=== WHAT IS REQUIRED ===
Make an exact copy of every entry, leaving the pictures out.
● ● ●
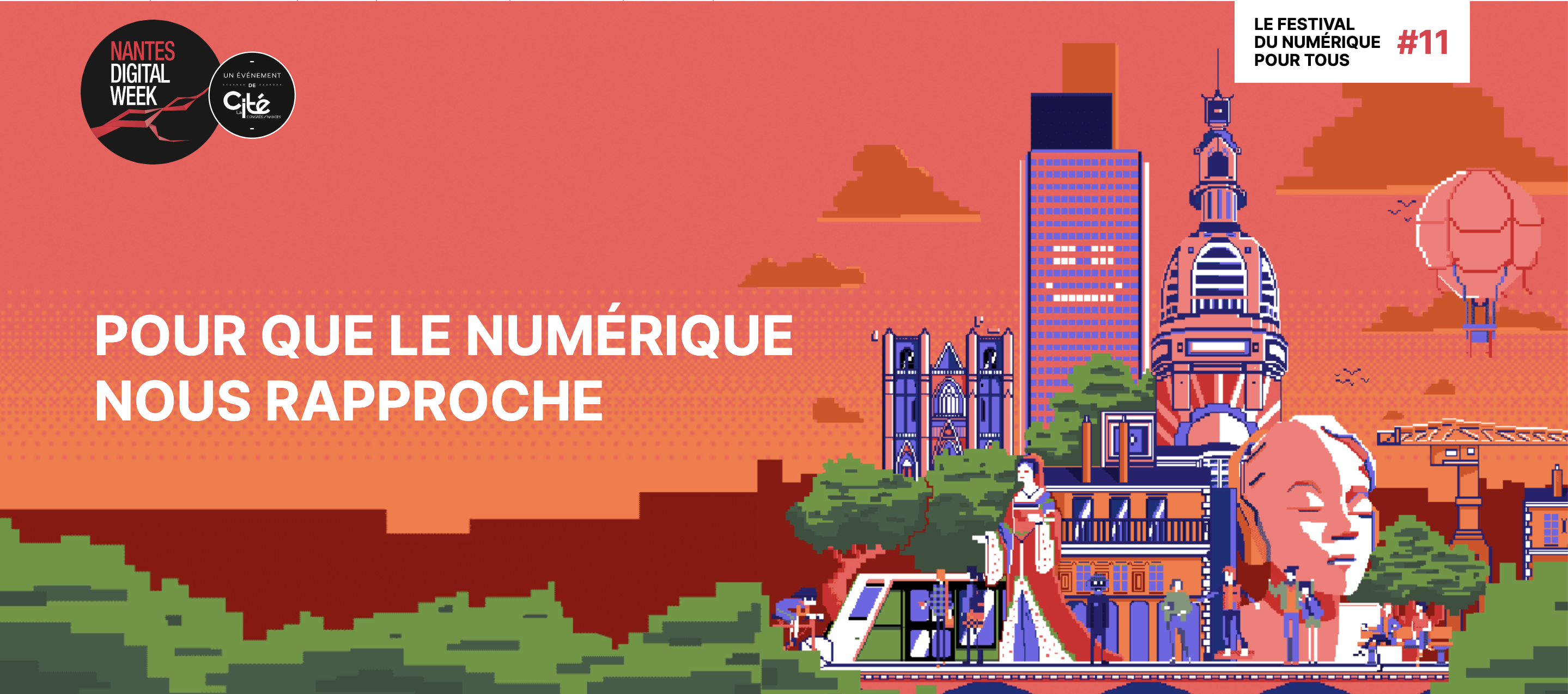 Né en 2014, Nantes Digital Week est aujourd’hui devenu l’un des évènements numériques généralistes les plus rassembleurs de France. Chaque année, pendant 10 jours, une centaine d’évènements est proposée au grand public comme aux professionnels, pour permettre à tous de s’informer, se divertir, se former, se rencontrer.
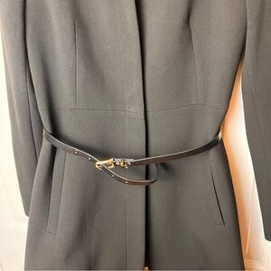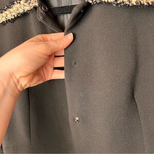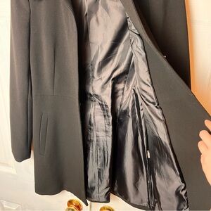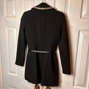 Classic structured A-line black blazer frock coat with pearl collar. Can be worn open or closed with an attachable belt. Approx. upper thigh length. Perfect for Fall!
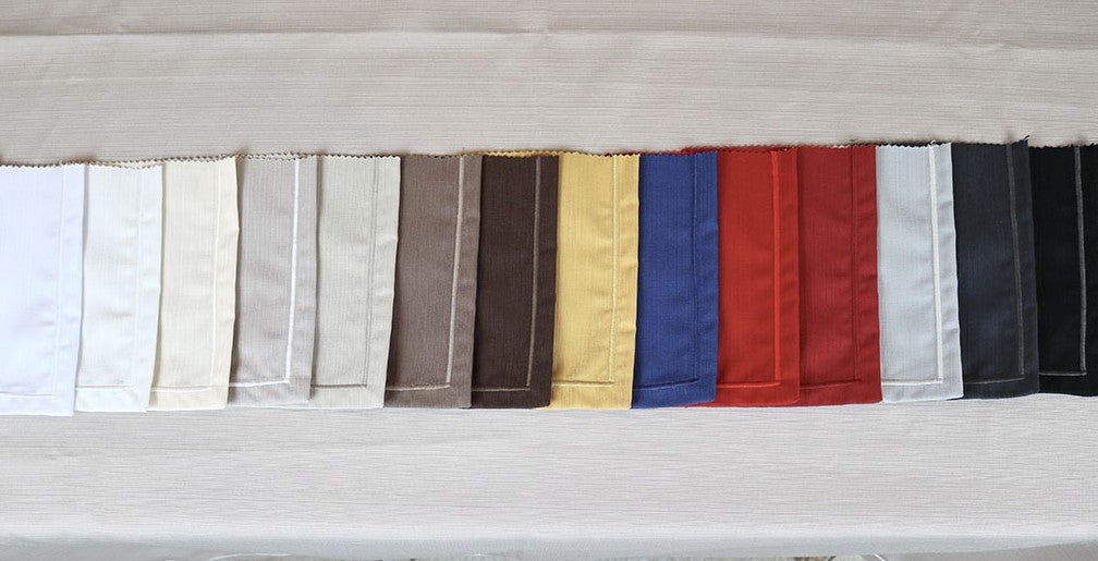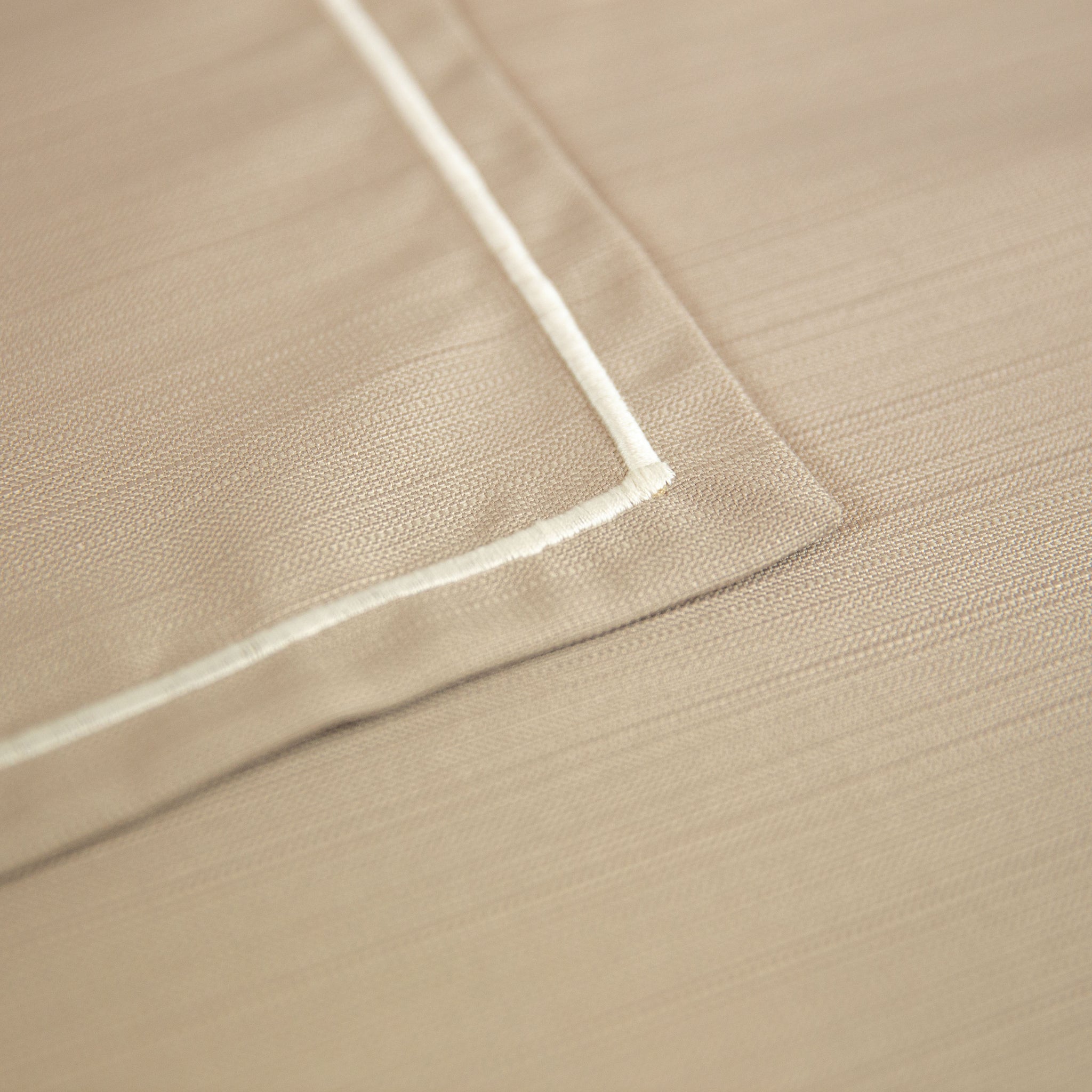Ha l'aspetto del misto lino e un bordino che orla tutta la tovaglia in colore panna o a contrasto.
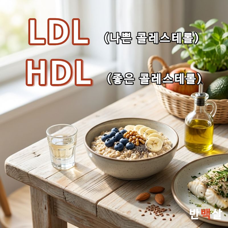 - 적정 체중 유지: 복부 비만은 중성지방을 높이고 HDL을 낮추는 주범입니다. 체중의 5%만 감량해도 콜레스테롤 불균형이 크게 개선됩니다.
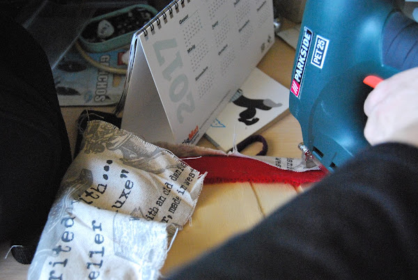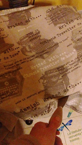 Pues simplemente hay que elegir una tela que nos guste, y que sea gordita, para tapizar o tipo loneta, como la mía. La compré hace un tiempo porque me encantó el estampado con máquinas de escribir antiguas y textos. Y ya era el momento de estrenarla!
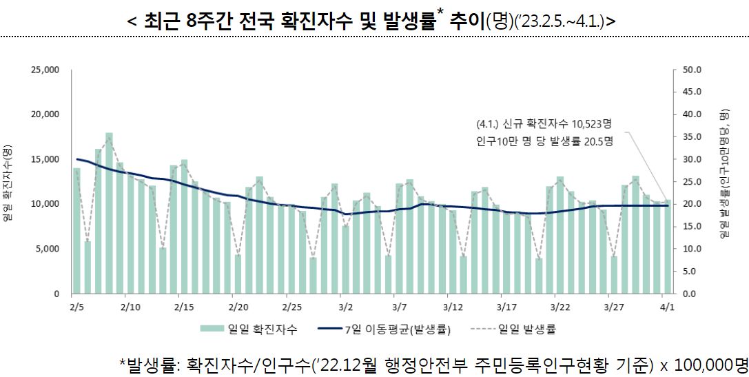 | 코로나19(2023.4.12) 주간 위험도 평가(4.2.∼4.8.): 낮음 (0) | 2023.04.19 |
● ● ●
=== SOLVED PROBLEM ===
 Né en 2014, Nantes Digital Week est aujourd’hui devenu l’un des évènements numériques généralistes les plus rassembleurs de France. Chaque année, pendant 10 jours, une centaine d’évènements est proposée au grand public comme aux professionnels, pour permettre à tous de s’informer, se divertir, se former, se rencontrer.
 Classic structured A-line black blazer frock coat with pearl collar. Can be worn open or closed with an attachable belt. Approx. upper thigh length. Perfect for Fall!
Ha l'aspetto del misto lino e un bordino che orla tutta la tovaglia in colore panna o a contrasto.
 - 적정 체중 유지: 복부 비만은 중성지방을 높이고 HDL을 낮추는 주범입니다. 체중의 5%만 감량해도 콜레스테롤 불균형이 크게 개선됩니다.
 Pues simplemente hay que elegir una tela que nos guste, y que sea gordita, para tapizar o tipo loneta, como la mía. La compré hace un tiempo porque me encantó el estampado con máquinas de escribir antiguas y textos. Y ya era el momento de estrenarla!
 | 코로나19(2023.4.12) 주간 위험도 평가(4.2.∼4.8.): 낮음 (0) | 2023.04.19 |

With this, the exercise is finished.